Maus is this year's One Book Woodstock

One-Book Woodstock – Maus

One-Book Woodstock is back for the winter break. The idea is that everyone – students from Grades 6 up, teachers and staff – will read the book over the Christmas period. When we return in the Spring, the book’s themes will feed into our studies across the curriculum. Essentially, we’re turning the school into a giant book club, a shared reading and learning experience for everyone.

This year’s book, Maus by Art Spiegelman, is a graphic novel, but that doesn’t make it easy reading. The postmodern work depicts Spiegelman’s relationship with his father Vladek, a Polish Jew and survivor of Auschwitz, as they share his story of the Holocaust. Why have we chosen Maus for this year’s One-Book Woodstock? For one thing, the depths mankind is capable of sinking to is something that our students need to explore on their journey to global citizenship. To quote Spanish philosopher George Santayana, “Those who cannot remember the past are condemned to repeat it”.

As a graphic novel, the format is instantly more accessible for a wide age-range, which we hope will enable them to engage with this horrific chapter of history in a way that resonates with them on many levels. The multi-faceted nature of Maus is another reason it works as our One-Book Woodstock.

We have been collaborating with Dr Erick Gordon from the Teachers’ College at Columbia University to take a look at interdisciplinary project-based learning and he suggested this work as one that opens itself readily to interdisciplinary exploration. As a graphic novel, the book is in itself an interdisciplinary work, merging art and literature, and addressing challenging themes relevant to everything from history and politics to philosophy and ethics. This makes it possible to dovetail the themes in Maus across our academic curriculum.
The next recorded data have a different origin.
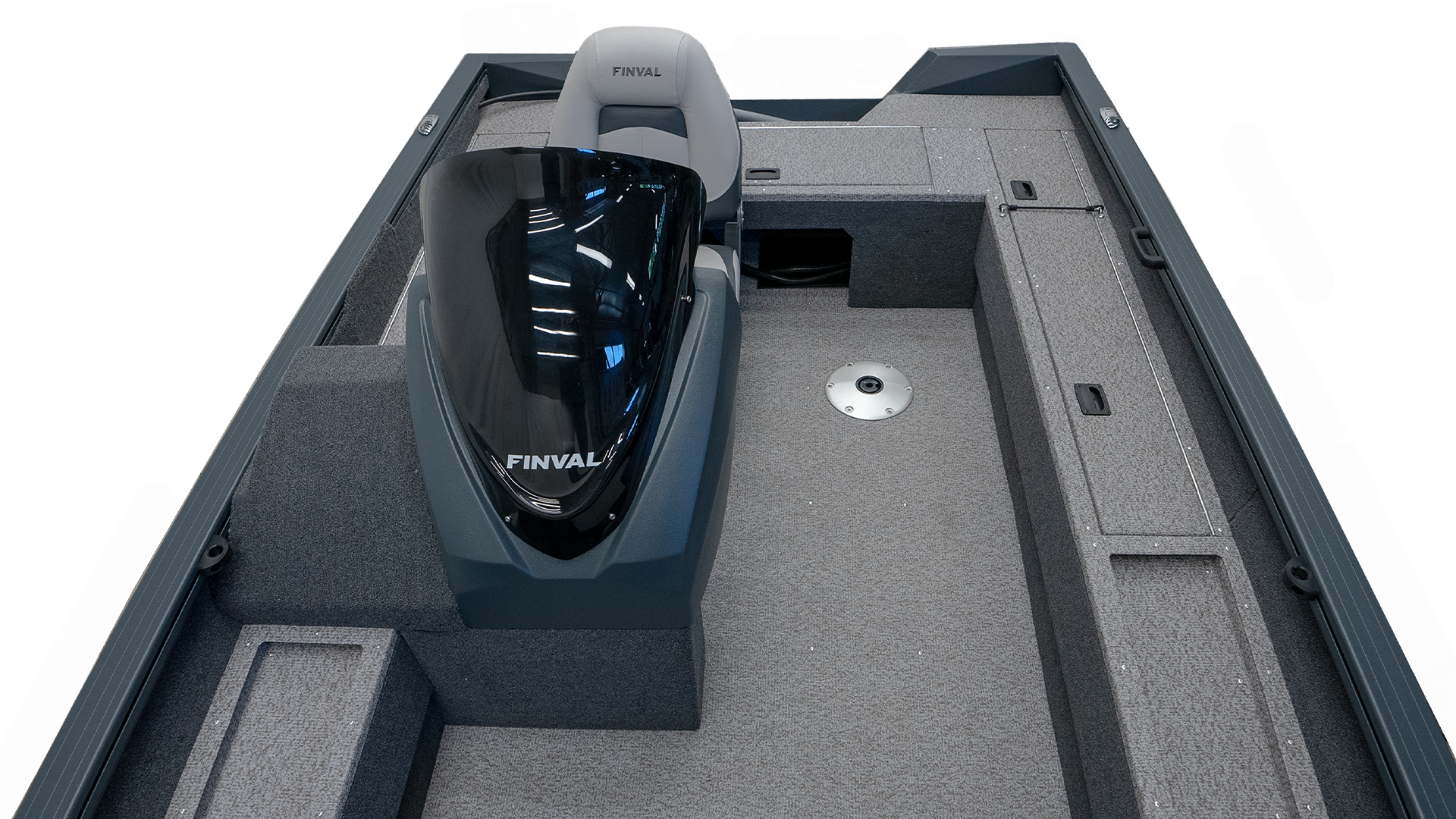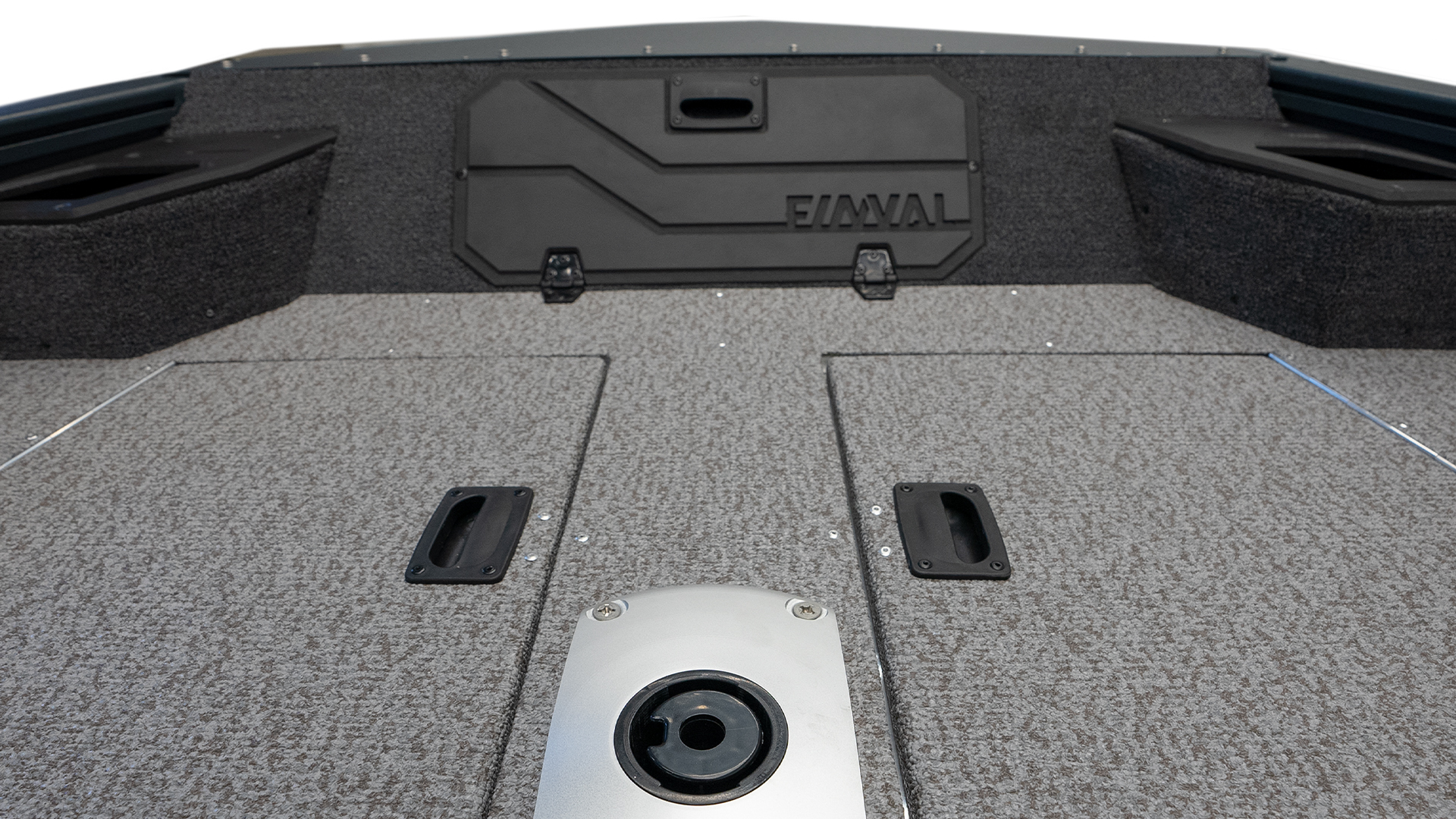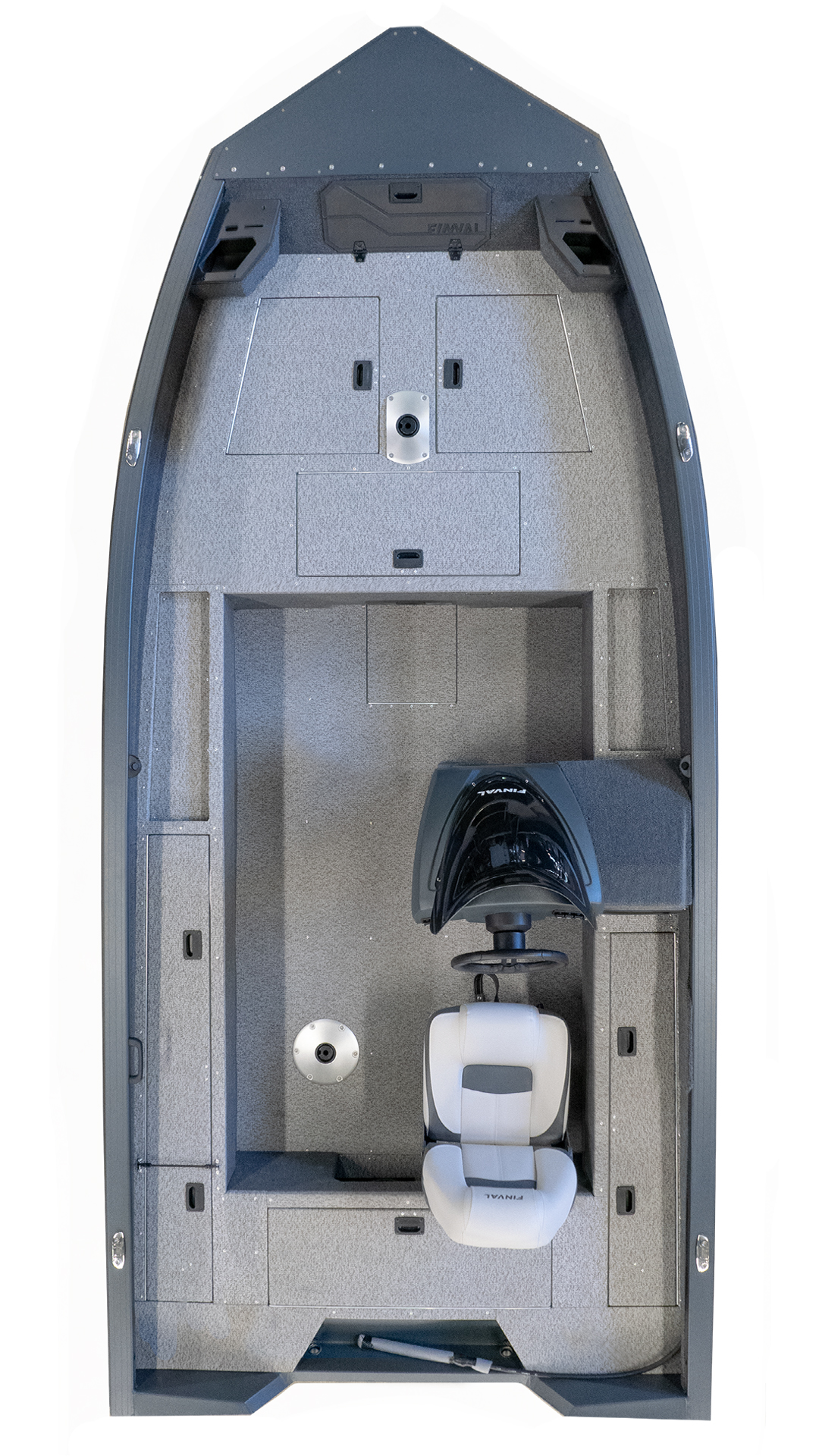 „FINVAL“ LOGO ON THE LOCKER IN THE BOW DECK; GREY/BLACK/SILVER BRANDED „X“ STICKERS, AND LOGO „FINVAL“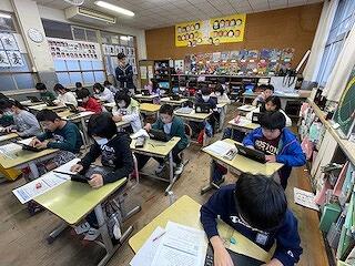 11月26日(火)にみやざき小中学校学習状況調査を第4学年で実施しました。本日は国語科のテストを行いました。今年度は初めてタブレットを活用してCBT方式「(Computer Based Testing):コンピュータを利用して実施する試験方式」での実施となりました。本校はeライブラリー(タブレット活用AIドリル)を採用しているため、タブレットを使って解く経験は他校よりはありますが、慣れないテストの形式に少しだけ戸惑ったことと思います。しかし、児童は時間いっぱい今持っている力をフル稼働させて問題に挑むことができました。明後日は算数科のテストがあります。本テストの結果分析を通して、授業改善に役立て、学力向上を目指す県の施策としての実施でありますので、結果分析をもとに、分かりやすい授業にさらに磨きをかけていきたいと思います。しっかり活用していきたいと思います。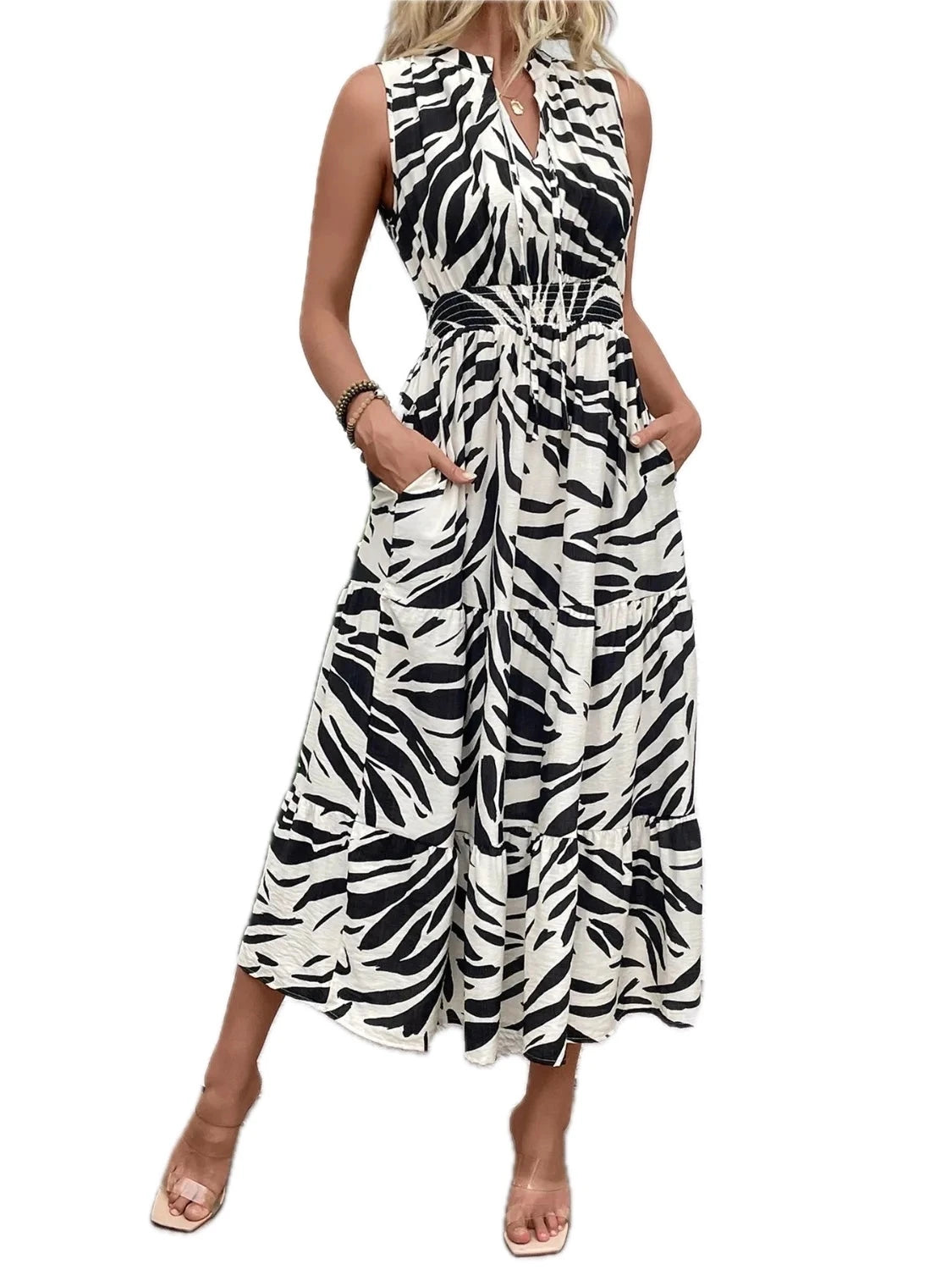 Women's Printed Notched Sleeveless Midi Dress with Pockets Tied Ruched 91% viscose 9% polyamide Soft drape everyday wear
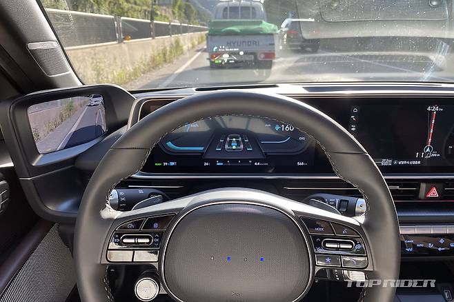 복합전비는 4.8km/kWh(도심 5.2, 고속 4.4)다. 모든 수치에서 현대차 아이오닉5, 기아 EV6를 앞선다. 아이오닉6의 전비는 실제 주행에서 더 높다. 시승은 에어컨 온도 18도, 송풍 1단계, 통풍 시트 1단계, 스마트폰 무선 충전, 헤드램프 및 리어램프를 켠 상태로 진행했다.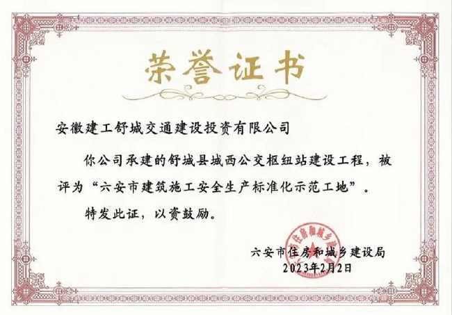 合廬項目獲得省安全文明示范工地,S244項目獲得省級平安工程,舒城城西項目獲得六安市建筑施工安全生產(chǎn)標準化示范工地及集團公司安全文明標準化工地,合周項目榮獲安徽省AAA及環(huán)保施工示范工地。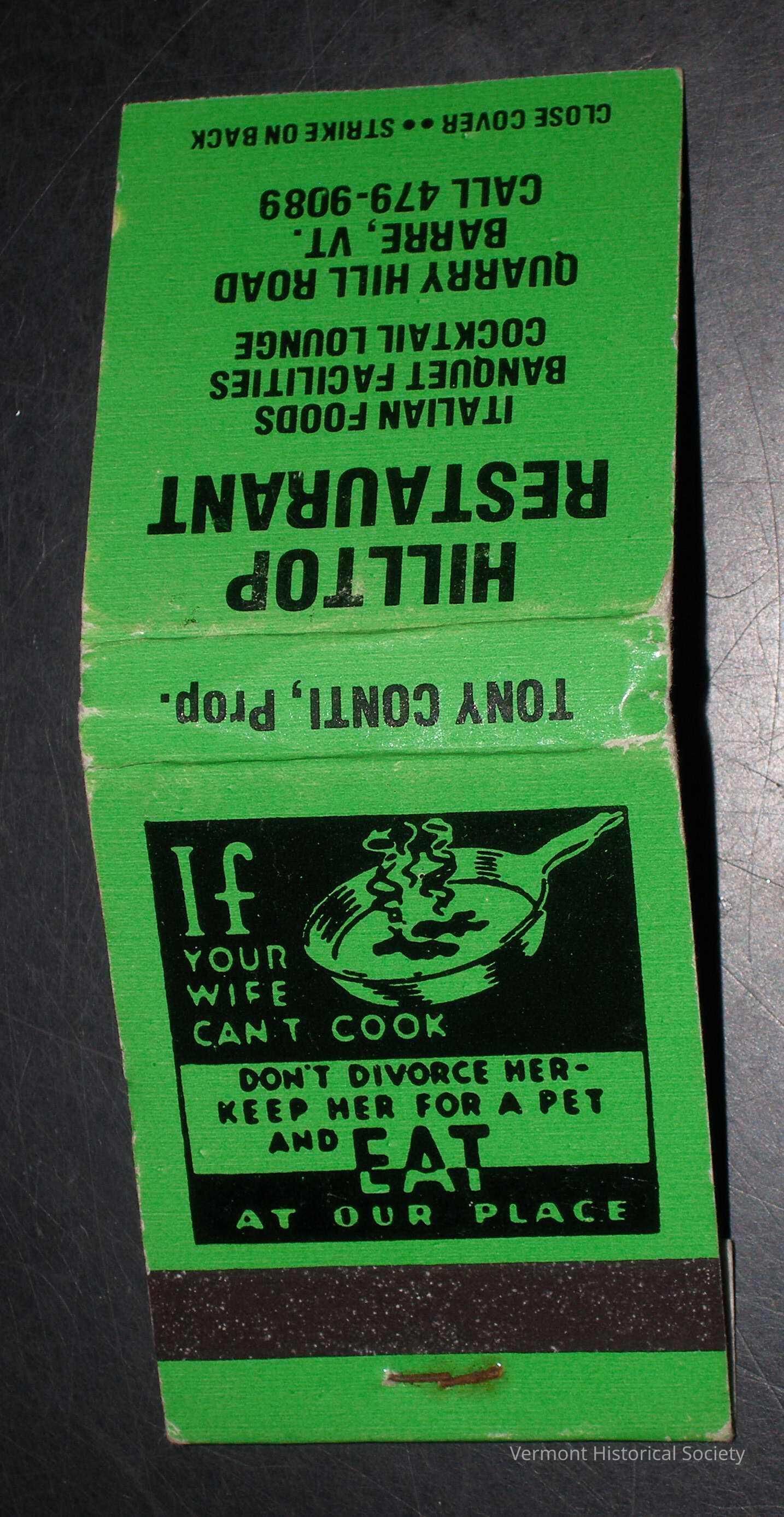 The item is a green matchbook printed in black with the following information: "HILLTOP RESTAURANT ITALIAN FOODS BANQUET FACILITIES COCTAIL LOUNGE QUARRY HILL ROAD BARRE VT. CALL 479-9089" on the front. It also states "CLOSE COVER ** STRIKE ON BACK."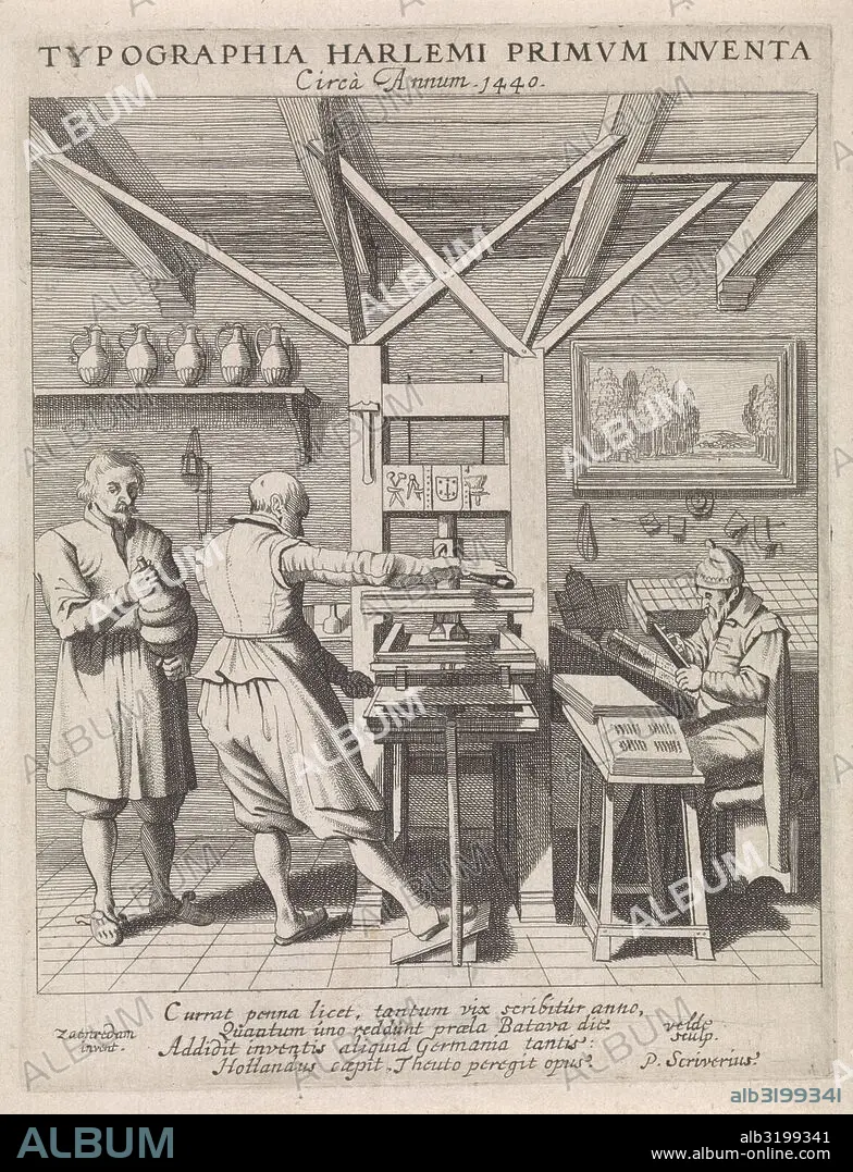 The invention of the printing press by Laurens Jansz. Coster, Haarlem, ca. 1440, interior of a book printer, with a printing press and putting letters, print maker: Jan van de Velde (mentioned on object), Dating 1628.

Our Grade 11 English students, for instance, are studying Viktor Frankl’s Man’s Search got Meaning in their English classes, which is another Holocaust memoir. This Spring the focus for our advanced choir will be on music composed as a response to the Holocaust. Theory of Knowledge students are studying ethics when they return in February, and Maus touches almost all of the Global Contexts in the Middle Years Programme. At the end of this project, we aim to be able to publish a book sharing students’ work in response to Maus.

By undertaking this project, collectively consuming the book and learning from it, my hope is that we don’t only have our minds opened to the themes in the book, but are able to, in a very tangible way, demonstrate the power of interdisciplinary projects as a tool for learning.